If these exceptions are making your head spin, join the club. People have been arguing about species definitions for a long time, and not just about the details. The debate actually starts with a pretty basic question: are species even real?
If we're talking about the difference between a dog, a horse, and a cabbage, then the answer seems obvious. If we're talking about the difference between the hybridizing oak species Quercus robur, Q. petraea, Q. pubescens, and Q. frainetto, then the answer isn't as easy. Are species actually distinct biological entities, or are they just a way that biologists categorize the world around them with no real scientific basis?
Even if scientists can't always define species, most will try to convince you that they're more than mere human constructs. Yes, there are lots of exceptions, problems, and unanswered questions when it comes to making a universal species definition. Even so, there are a number of compelling reasons to believe in species.
First off, species recognition is intuitive. Most people can distinguish between groups of organisms that look similar, as long as there are a few subtle differences. The distinctions that we make would probably be similar to the distinctions Bob, the body builder would make. In biology we would say that the distinctions are congruent.
Congruence goes further than just friends and family. There have been several studies that demonstrate congruence between the species definitions made by western scientists and those made by indigenous cultures. There is a famous story about Ernst Mayr, the fancy pants Harvard biologist. Ernst visited the island of New Guinea and asked the local tribesmen to identify the bird species of the island. Amazingly, the tribe distinguished 136 species of birds, while classic Linnaean taxonomy knew of 137. That's an incredible amount of congruence among species delineations, and it just goes to show that we don't need formal taxonomy training to be great biologists. There is just something intuitively recognizable and distinguishable about some groups of species, they must be more than figments of our scientific imaginations.
Second off, even if organisms can hybridize, or move, or otherwise thwart our convenient species definitions, they still tend to cluster into more or less distinct groups. It's not like there's a gradual continuum of birds ranging from eagles to hummingbirds—they tend to come in different types, each more or less distinguishable from the next. Sure, there might be mixing among some groups, but the mixing among them is smaller than the mixing within them, so they form clusters. Individuals from one group tend to mate with other individuals from their own group more often that with individuals from a different group. Notice the vocabulary here: groups, types, clusters, or maybe species.

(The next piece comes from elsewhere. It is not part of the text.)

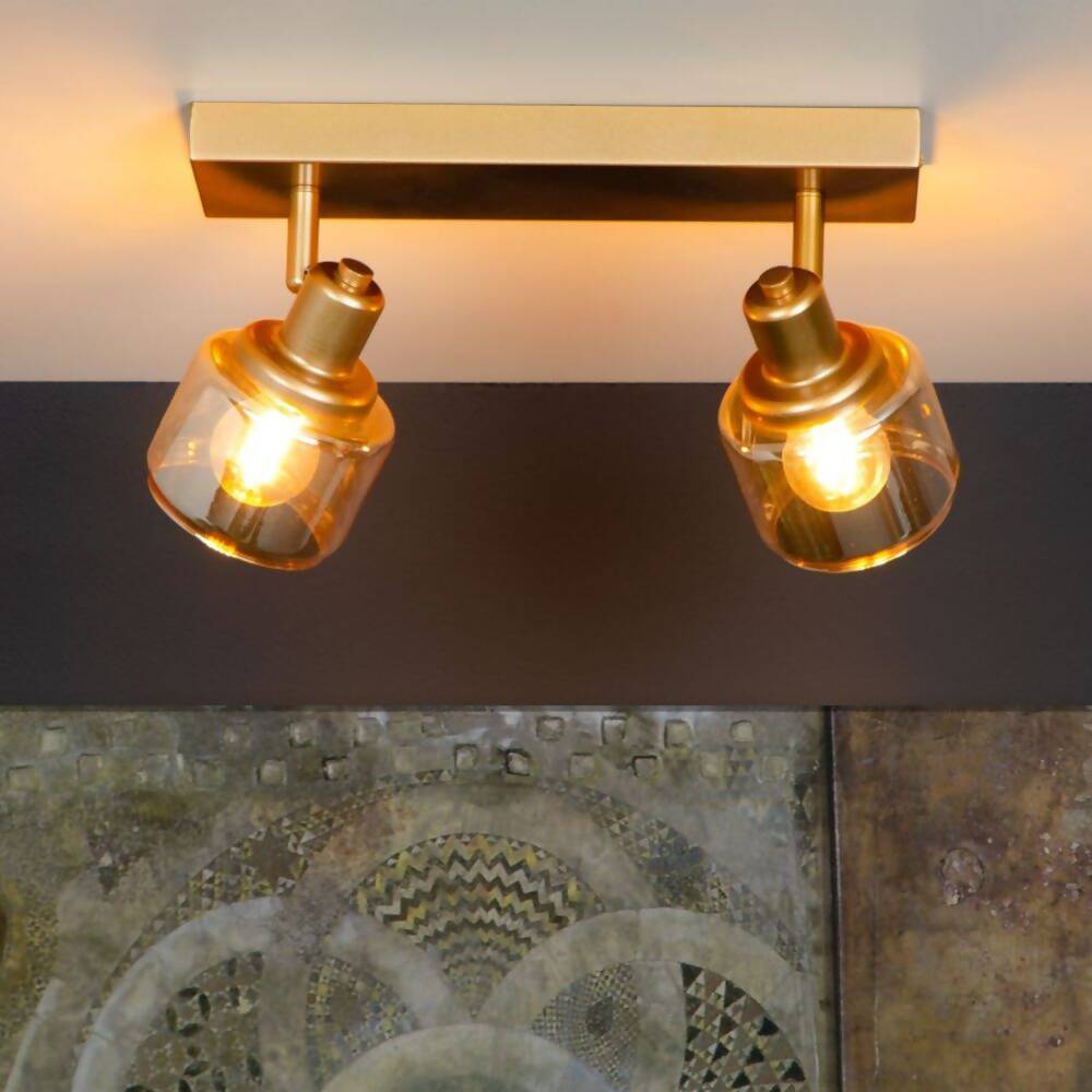Dale un toque de distinción a tu hogar con la BARRA DIRECCIONAL BJORN DORADO 2xE14. Esta luminaria combina la elegancia del dorado con la calidez del cristal ámbar, creando una atmósfera sofisticada y acogedora en cualquier espacio.

But what are species, exactly? There are many definitions for the concept of species. There is no universal species concept—one that applies to all organisms. Instead, scientists have been proposing different species concepts for years, and each is based on slightly different biological reasoning. There's the genealogical species concept, the cohesion species concept, genotypic cluster species concept, and more. Here are a few of our faves:
The ecological species concept claims that species are groups or populations that share the exact same ecological niche. The definition gets a little tricky with organisms that change niches over their development. For examples, some organisms live in the water as larvae, and on land as adults. It's sometimes expanded to include a set of niches.

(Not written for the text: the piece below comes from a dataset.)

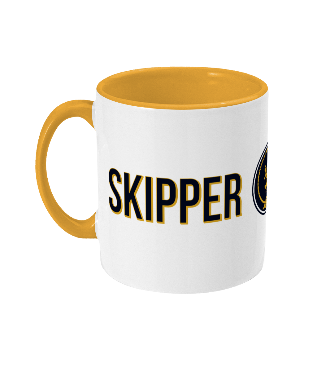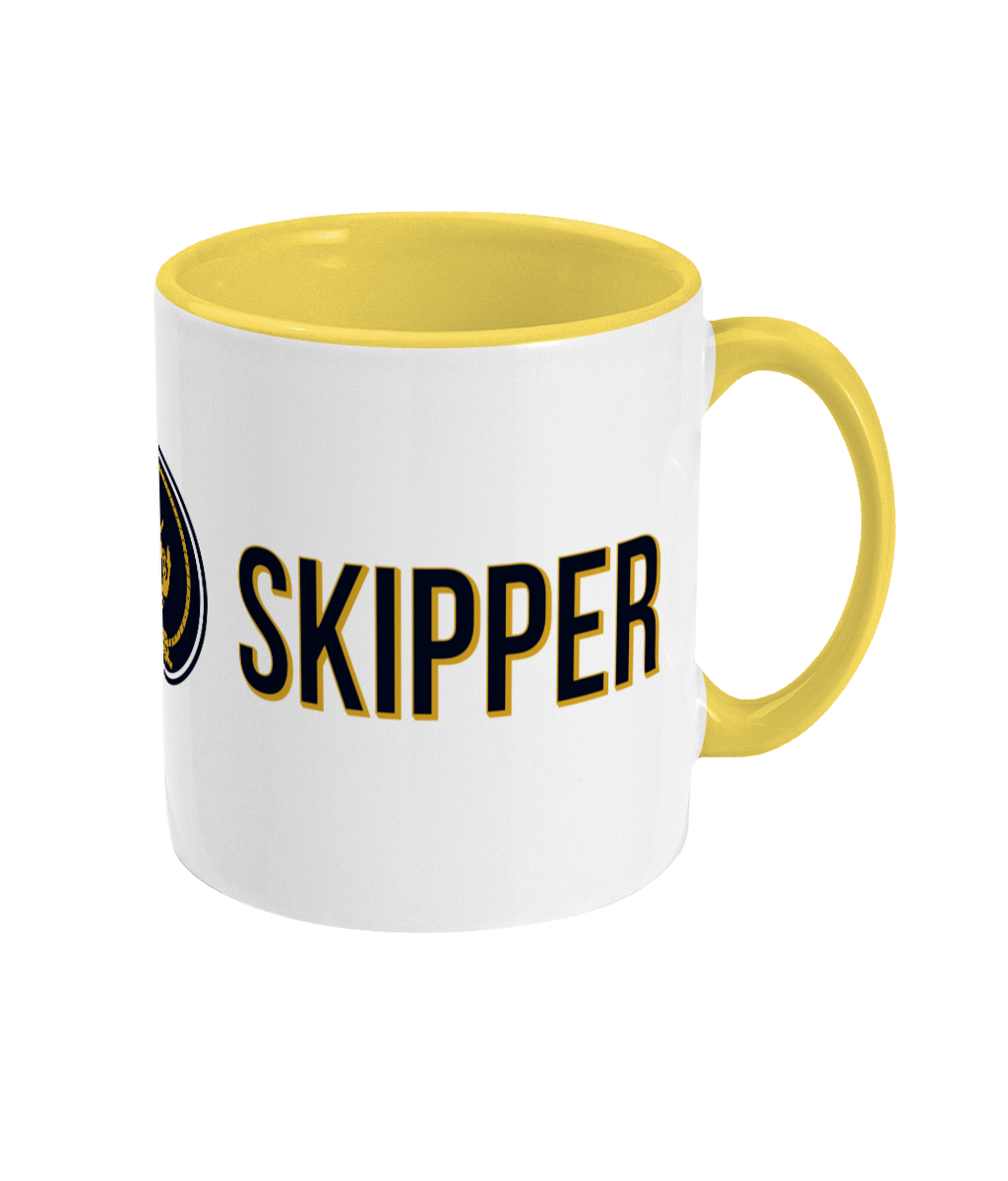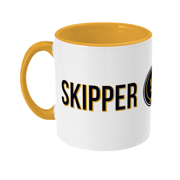 Skipper & Anchor Logo Two Toned Mug – 11oz glossy white ceramic mug with coloured handle and inner. Dishwasher & Microwave safe. Available in 2 colours.

The phenetic species concept defines species as groups of organisms that are similar in some defining trait(s) chosen by taxonomists, like eyebrow density, tastiness, or affinity for staring off into the distance. They'd probably pick something more scientific, but we'd be all for running a phenetic species taste test.
The phylogenetic species concept is similar, but with a slight twist: it states that a species is the smallest set of lineages or populations that can be recognized by a unique combination of different traits.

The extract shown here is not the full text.